▸ Available data
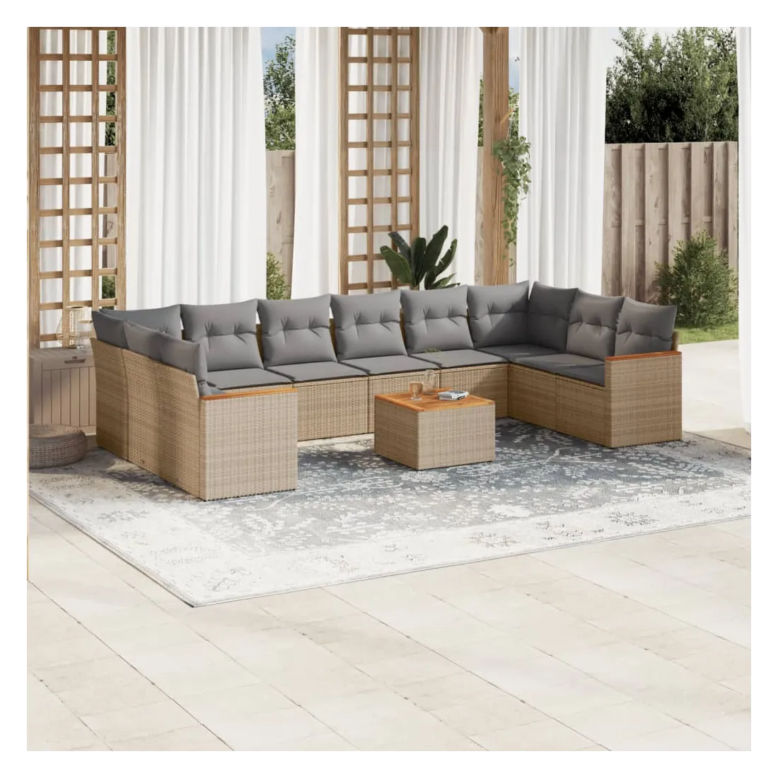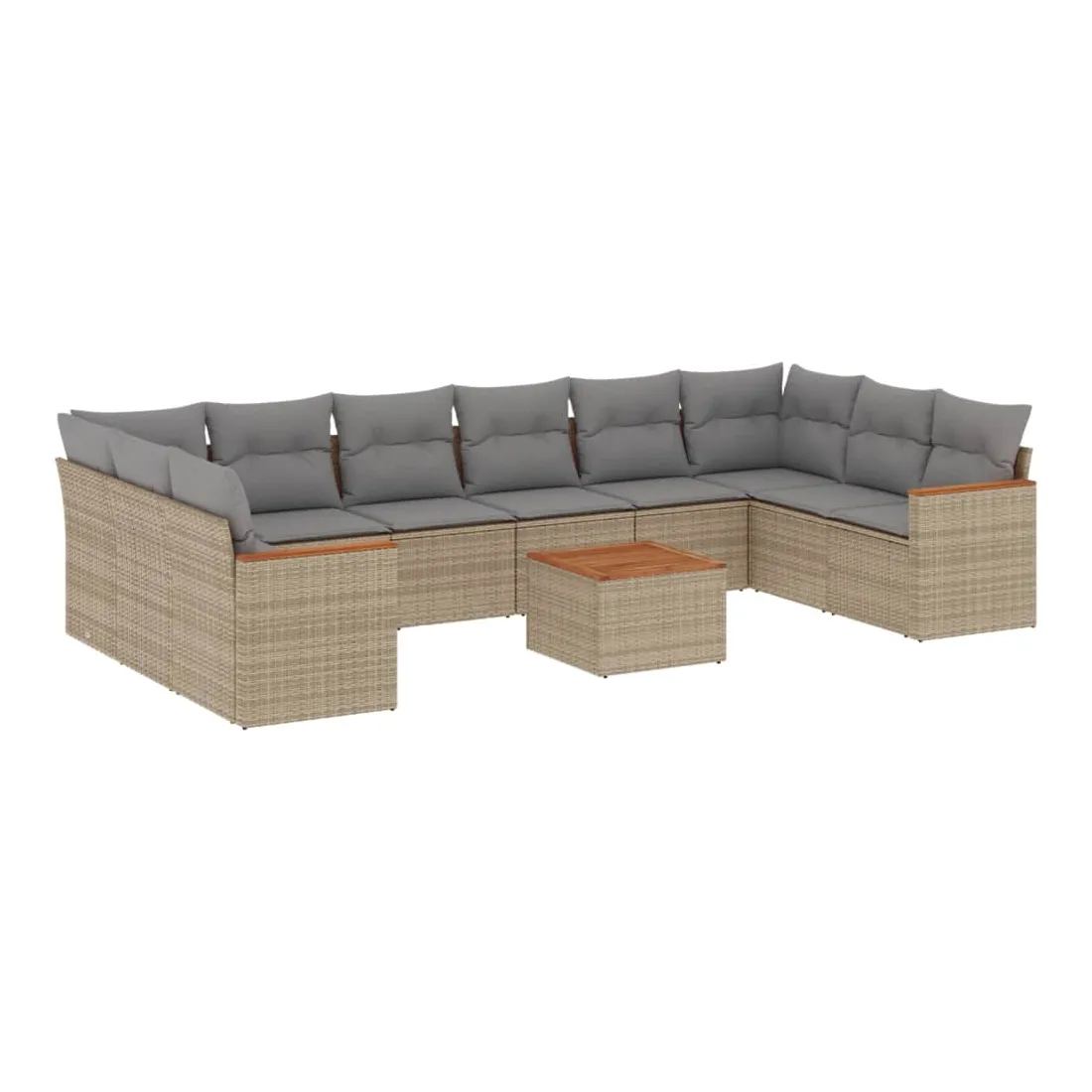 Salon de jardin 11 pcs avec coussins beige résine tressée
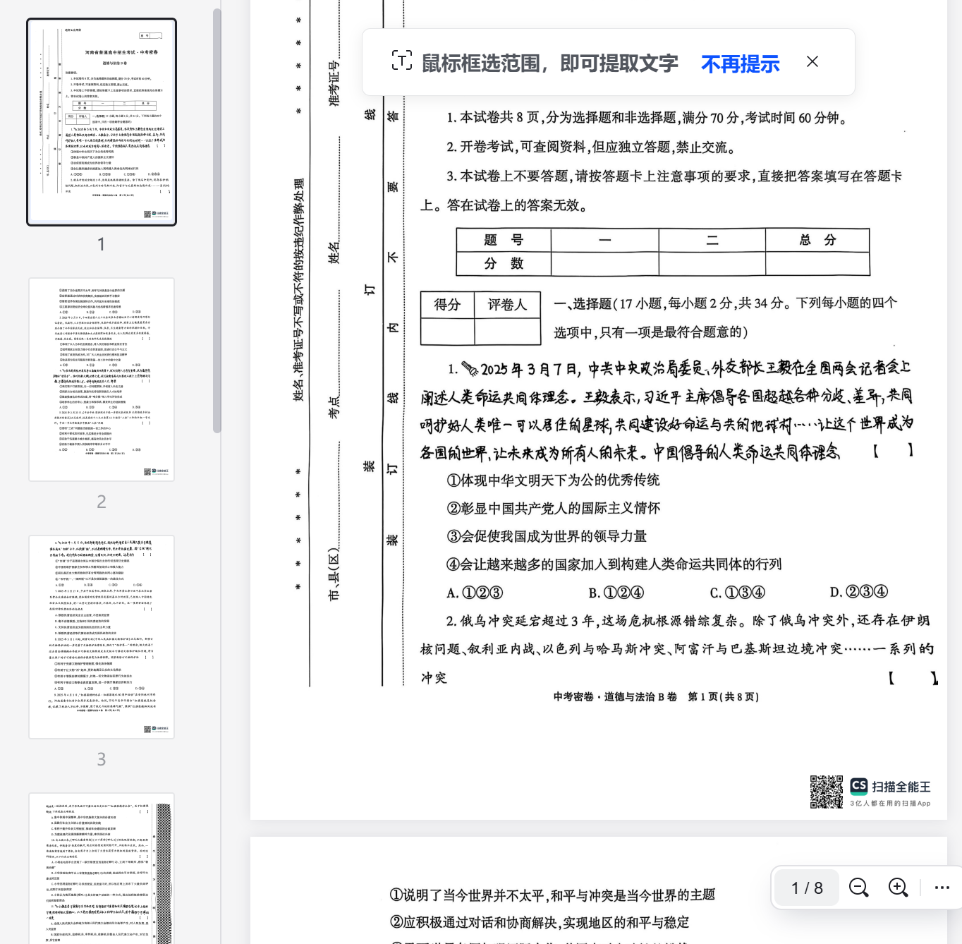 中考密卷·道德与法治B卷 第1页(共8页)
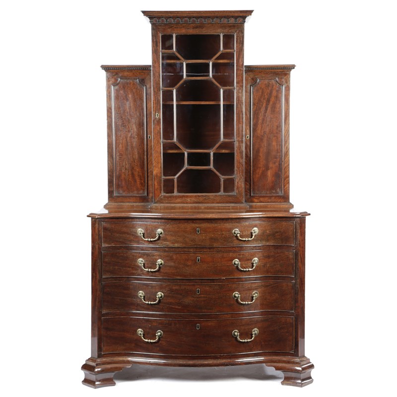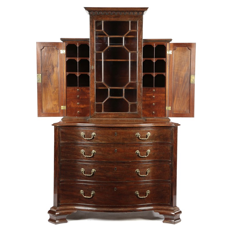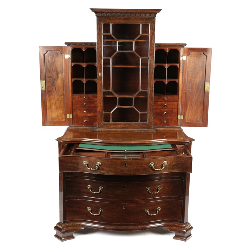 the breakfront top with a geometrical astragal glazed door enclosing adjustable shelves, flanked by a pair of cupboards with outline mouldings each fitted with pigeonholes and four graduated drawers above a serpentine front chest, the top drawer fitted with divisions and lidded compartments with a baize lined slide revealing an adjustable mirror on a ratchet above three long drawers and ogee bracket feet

▸ Work required
The pictures alone are to be left out when the data above is copied; all else must match exactly.

▸ Output of the task
 Salon de jardin 11 pcs avec coussins beige résine tressée
 中考密卷·道德与法治B卷 第1页(共8页)
 the breakfront top with a geometrical astragal glazed door enclosing adjustable shelves, flanked by a pair of cupboards with outline mouldings each fitted with pigeonholes and four graduated drawers above a serpentine front chest, the top drawer fitted with divisions and lidded compartments with a baize lined slide revealing an adjustable mirror on a ratchet above three long drawers and ogee bracket feet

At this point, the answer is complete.